Roland erhob sich vom Tisch und ging zu der Pinnwand. „Ich habe gestern Abend mit den Hofbesitzern in der Umgebung gesprochen, aber die kannten sie nicht.“
„Dann war sie also ziemlich auf sich gestellt. Insgesamt ist der Norsminde Fjord ja nicht besonders stark besucht“, sagte Isabella.
Bjarke schüttelte den Kopf. „Nein, und dafür sind die Naturschutzbehörde und der Dänische Naturschutzverband sicher dankbar. Der Norsminde Fjord ist ein Wildreservat, das viele Zugvögel als Rastplatz nutzen. Es ist nicht so leicht, an den Fjord zu kommen. Man muss beim Norsminder Hafen parken, einem Pfad auf dem Deich in Richtung der Aarhuser Bucht folgen, am alten Pumphaus vorbei und ins Reservat, das Das Herrenlose heißt. Das dauert circa drei Stunden“, informierte Bjarke.
Emily zog das Haargummi um den blonden Pferdeschwanz fest. „Kein Wunder, dass dann jemand eine Abkürzung über die Felder nimmt.“
„Der Fjord ist nicht besonders tief“, erläuterte Bjarke weiter. „Ich glaube, die Maximaltiefe beträgt nicht mehr als ein paar Meter.“
„Dann ist es wohl auch nicht normal, dort Boot zu fahren?“ Isabella runzelte die Stirn.
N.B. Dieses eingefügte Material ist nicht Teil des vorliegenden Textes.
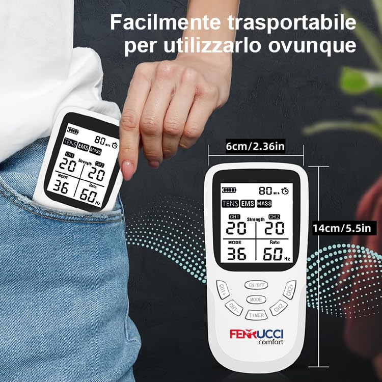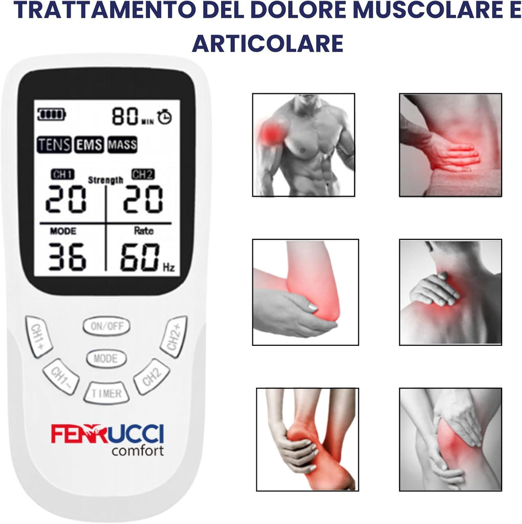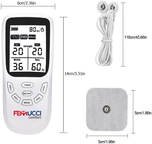 2-Channel TENS Electrostimulator with 60 programs, ideal for treating acute or chronic pain symptoms. Medical Device.
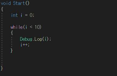 이 증감식이 빠지게 되면 식은 계속 참이되고 무한으로 구문을 실행하여 Unity로 실행하게 되면 프로그램이 멈추게 되니
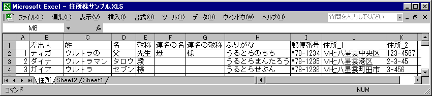- EXCELを開いて、下記のような住所録シートを作って保存しておく。フィールド名の“姓、名、郵便番号、住所_1、住所_2”の5項目は
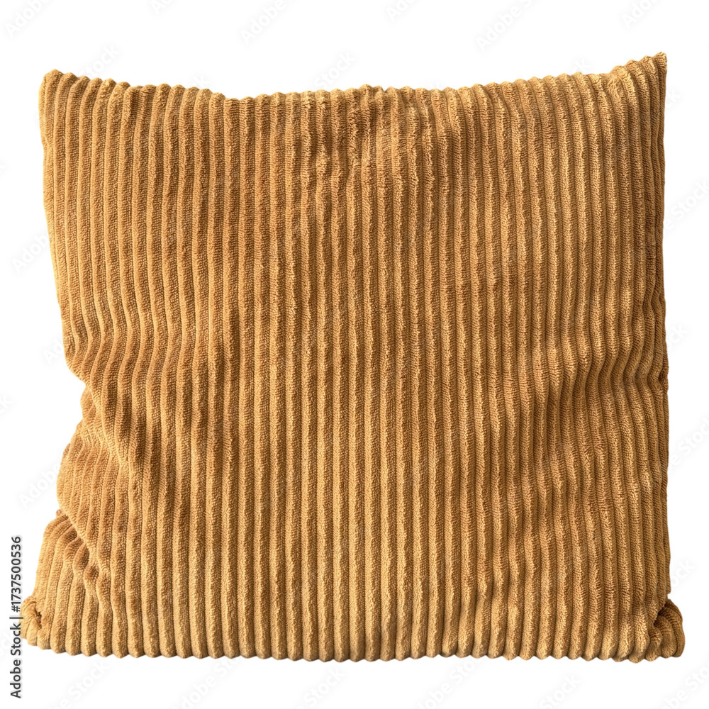 Soft square pillow with yellow corduroy fabric texture, isolated on white. Suitable for interior design, cozy home decor projects, or product presentations.
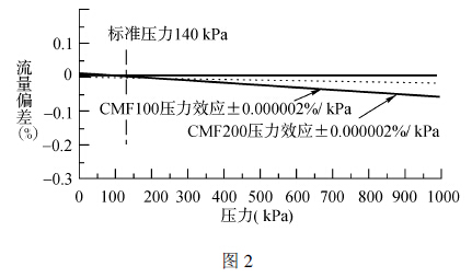 从图2 中, 我们可以看出压力对测量准确度的影响:当工艺压力增大, 会使流量计产生一个负向偏差, 表现为流量显示值比实际值偏小;当压力减小时, 会使流量计产生一个正向偏差, 表现为流量显示值比实际值偏大。
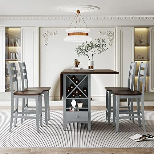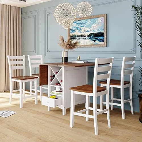 - SPACE SAVING DINNING TABLE SET: With its open design and compact size, this bar dining set perfects for small apartments or studio. Counter stools can be tucked under the table when you finish your meal, which helps save space and keeps your home well organized.Besides, the dining table comes with three-tiered shelf that allows you to organize and display items within reach. NO more space will be wasted with this space-saving dining table set.
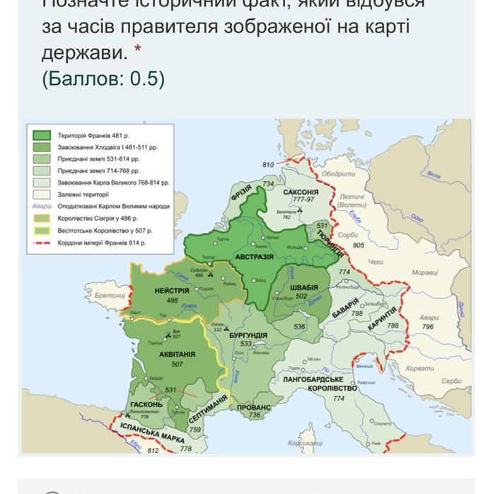 1Позначте історичний факт, який відбувся за часів правителя зображеної на карті держави.
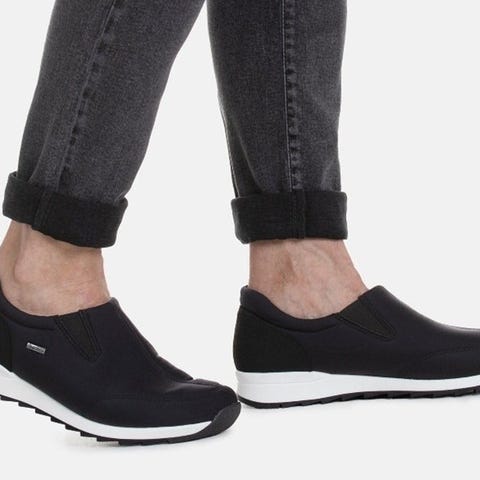 Myk tøyelig Gore-tex. Innersåler følger ikke med, beregnet for fotsenger. Ekstra bred passform og romslig tåboks.
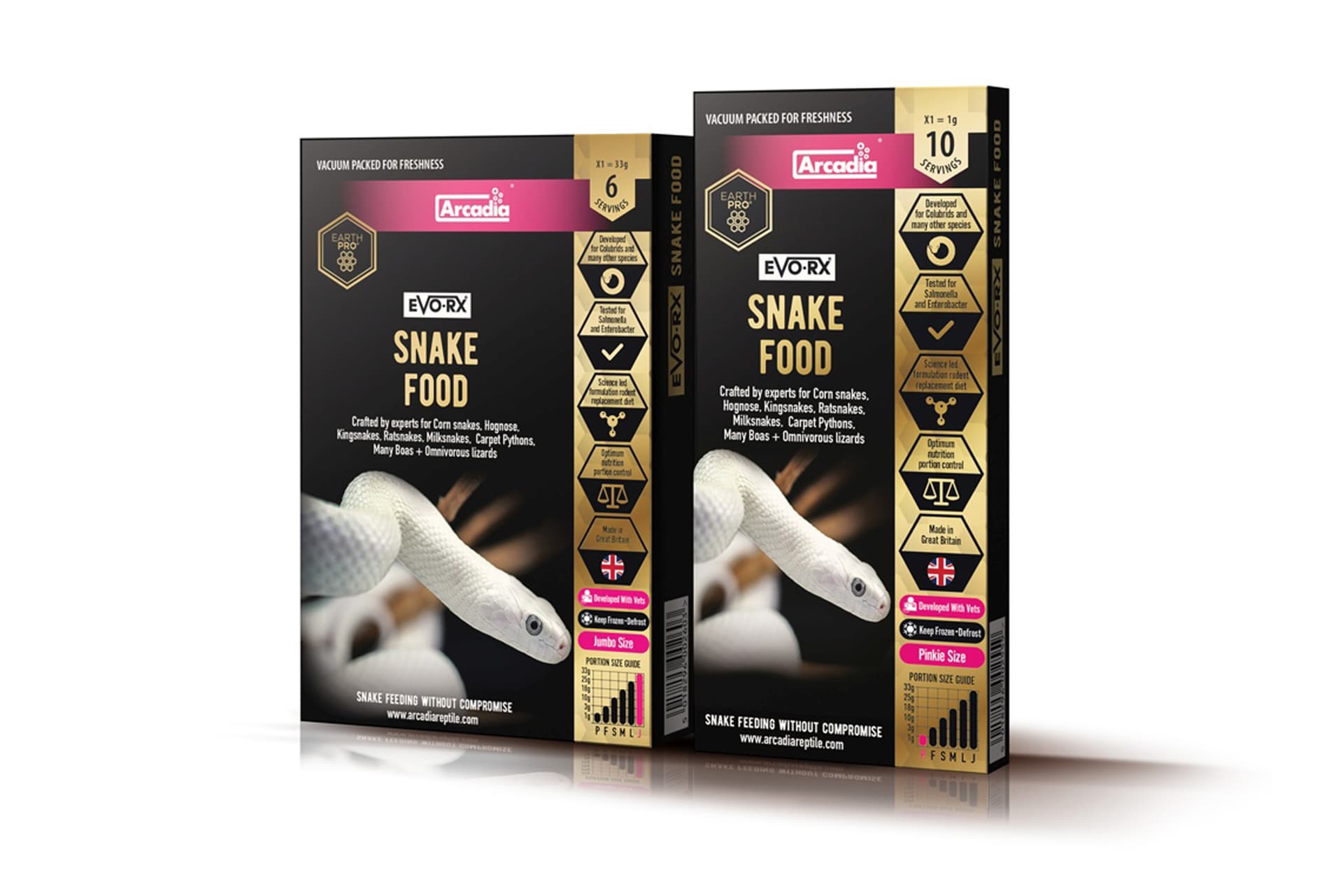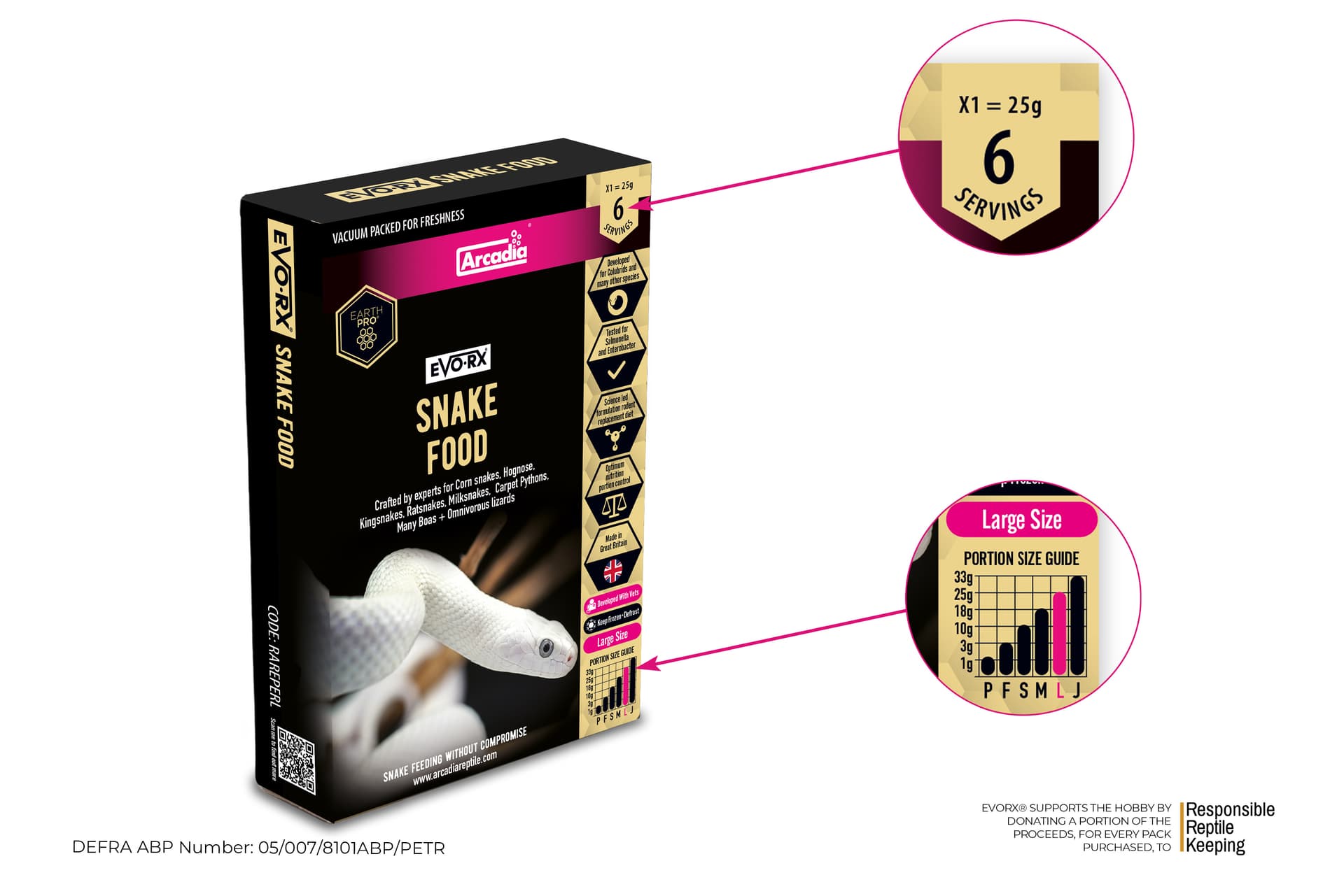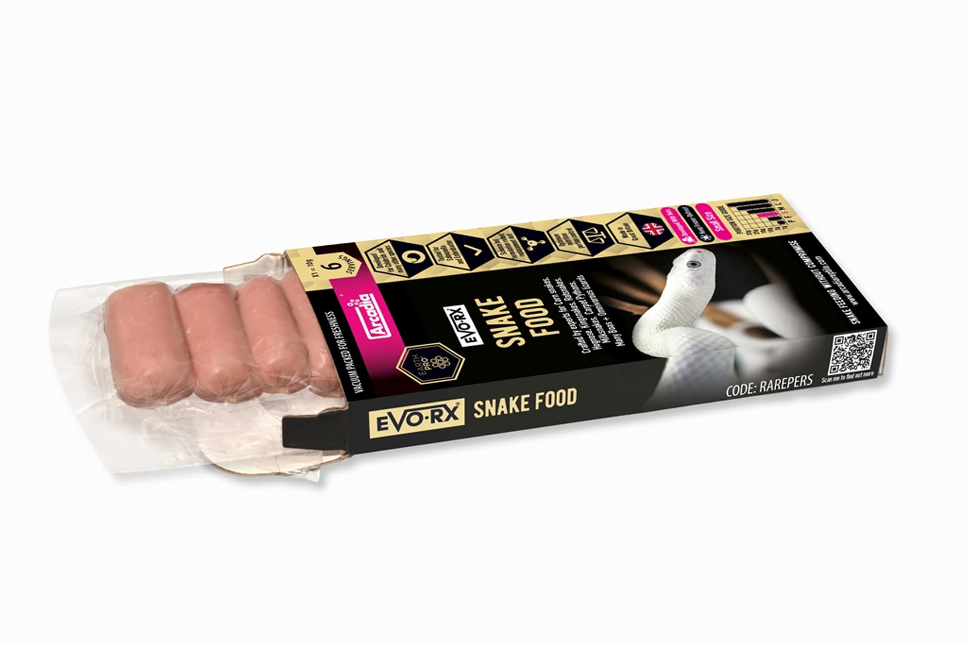 EvoRx® ist ein neues Tiefkühlfutter für Schlangen und andere fleischfressende sowie allesfressende Reptilien von Arcadia. Jedes wurstförmige Futterpaket wird nach standardisierten Spezifikationen gewogen – anstatt auf ungefähre Größen zu setzen – um Unsicherheiten beim Füttern zu eliminieren und eine gleichbleibende Ernährung bei jeder Fütterung sicherzustellen. Das Nährstoffprofil enthält mageres Protein, das die unnötige Fettaufnahme reguliert, das Risiko von Fettleibigkeit reduziert und gleichzeitig gesundes Wachstum unterstützt.

„Es gibt strenge Regeln für Schifffahrten auf dem Fjord. Ich weiß, dass Regatten mit Ruder- oder Segelbooten auf jeden Fall verboten sind.“
Bjarke segelte selbst viel und hatte ein kleines Boot in der Marselisborg Marina liegen, sicher hatte er daher das Wissen.
„Ist es nicht merkwürdig, dass sie so lange in diesem Boot gelegen hat, ohne entdeckt zu werden? Wem es wohl gehört?“
„Das finden wir heraus, Isabella“, versprach Roland.